### THE DATA
^^^^^^^^

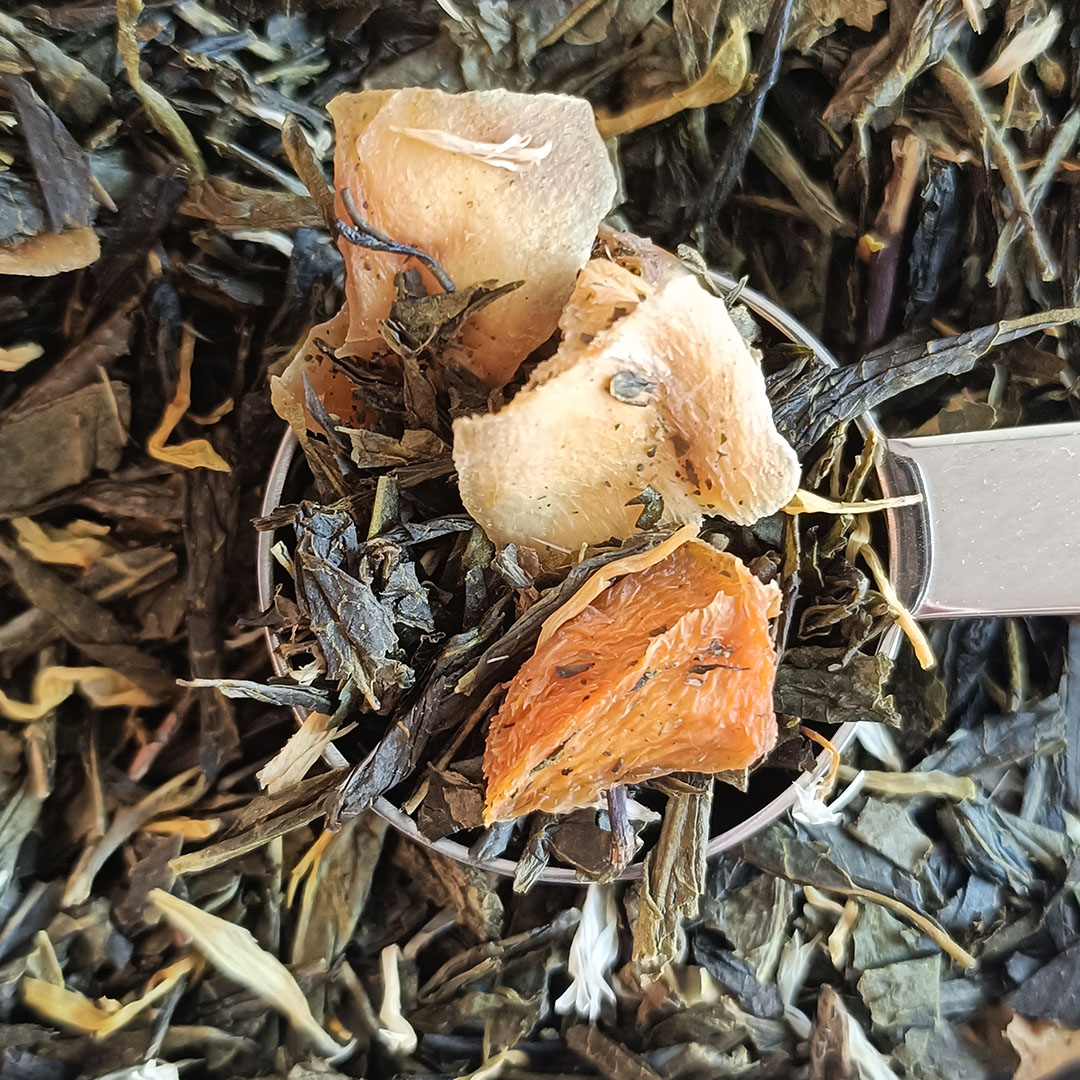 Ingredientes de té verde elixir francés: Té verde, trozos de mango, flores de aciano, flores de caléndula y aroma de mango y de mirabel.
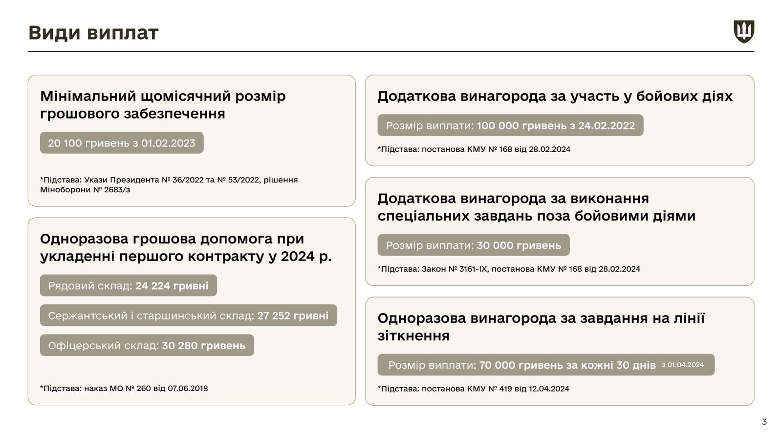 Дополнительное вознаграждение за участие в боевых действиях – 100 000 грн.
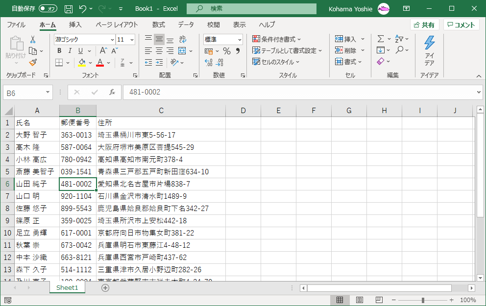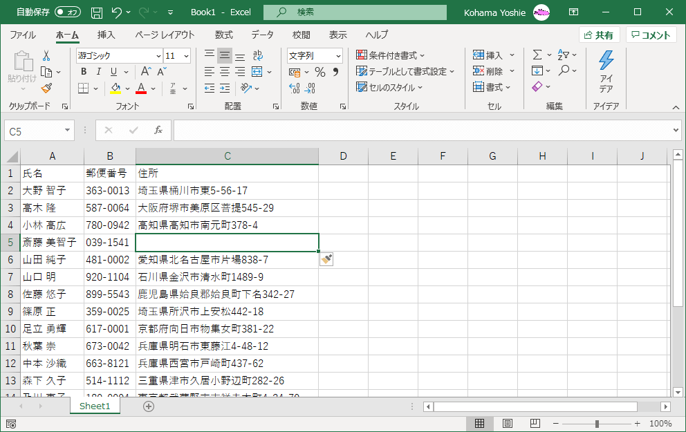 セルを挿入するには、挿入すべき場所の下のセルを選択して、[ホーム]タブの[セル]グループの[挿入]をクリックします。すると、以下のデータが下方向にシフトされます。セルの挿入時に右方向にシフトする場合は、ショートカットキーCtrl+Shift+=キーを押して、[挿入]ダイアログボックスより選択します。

^^^^^^^^

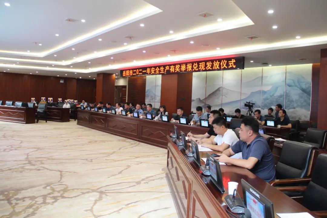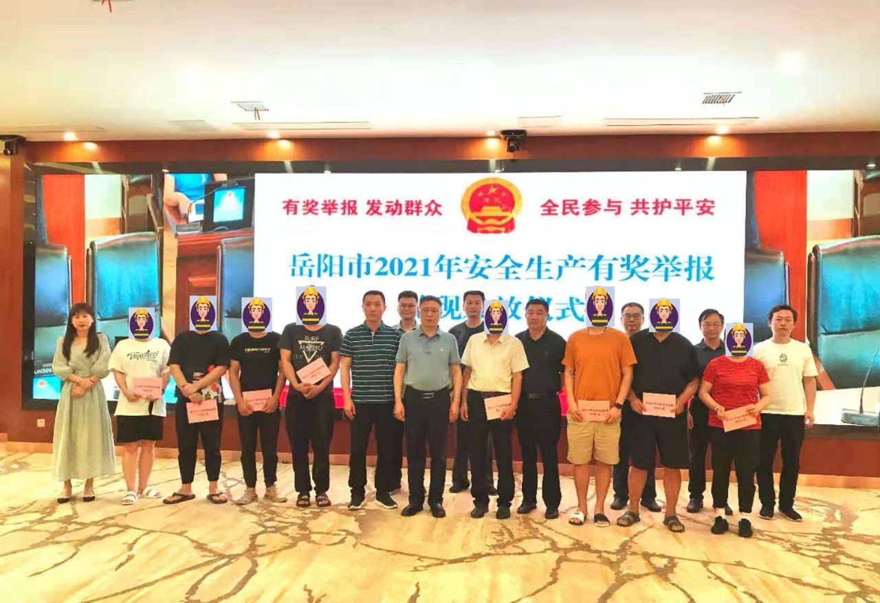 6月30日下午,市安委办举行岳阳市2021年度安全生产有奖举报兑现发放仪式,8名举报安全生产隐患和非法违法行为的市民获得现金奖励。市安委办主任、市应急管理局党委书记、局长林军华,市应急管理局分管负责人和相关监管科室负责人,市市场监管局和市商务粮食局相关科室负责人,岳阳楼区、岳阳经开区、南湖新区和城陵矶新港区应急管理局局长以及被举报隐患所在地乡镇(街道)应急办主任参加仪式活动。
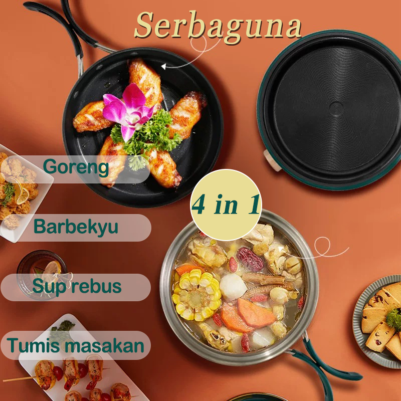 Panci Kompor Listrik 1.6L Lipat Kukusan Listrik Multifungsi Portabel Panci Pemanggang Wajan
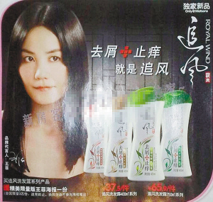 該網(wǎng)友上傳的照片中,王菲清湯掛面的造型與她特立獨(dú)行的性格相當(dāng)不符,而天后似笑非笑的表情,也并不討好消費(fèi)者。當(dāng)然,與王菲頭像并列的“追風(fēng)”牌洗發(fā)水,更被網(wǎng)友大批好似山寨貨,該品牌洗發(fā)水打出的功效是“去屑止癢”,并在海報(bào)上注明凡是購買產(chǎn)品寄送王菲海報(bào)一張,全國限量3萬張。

^^^^^^^^

Copy exactly the lines of the listing above between the one holding "Panci Kompor Listrik" and the one holding "該網(wǎng)友上傳的照片", inclusive; omit all pictures.

 Panci Kompor Listrik 1.6L Lipat Kukusan Listrik Multifungsi Portabel Panci Pemanggang Wajan
 該網(wǎng)友上傳的照片中,王菲清湯掛面的造型與她特立獨(dú)行的性格相當(dāng)不符,而天后似笑非笑的表情,也并不討好消費(fèi)者。當(dāng)然,與王菲頭像并列的“追風(fēng)”牌洗發(fā)水,更被網(wǎng)友大批好似山寨貨,該品牌洗發(fā)水打出的功效是“去屑止癢”,并在海報(bào)上注明凡是購買產(chǎn)品寄送王菲海報(bào)一張,全國限量3萬張。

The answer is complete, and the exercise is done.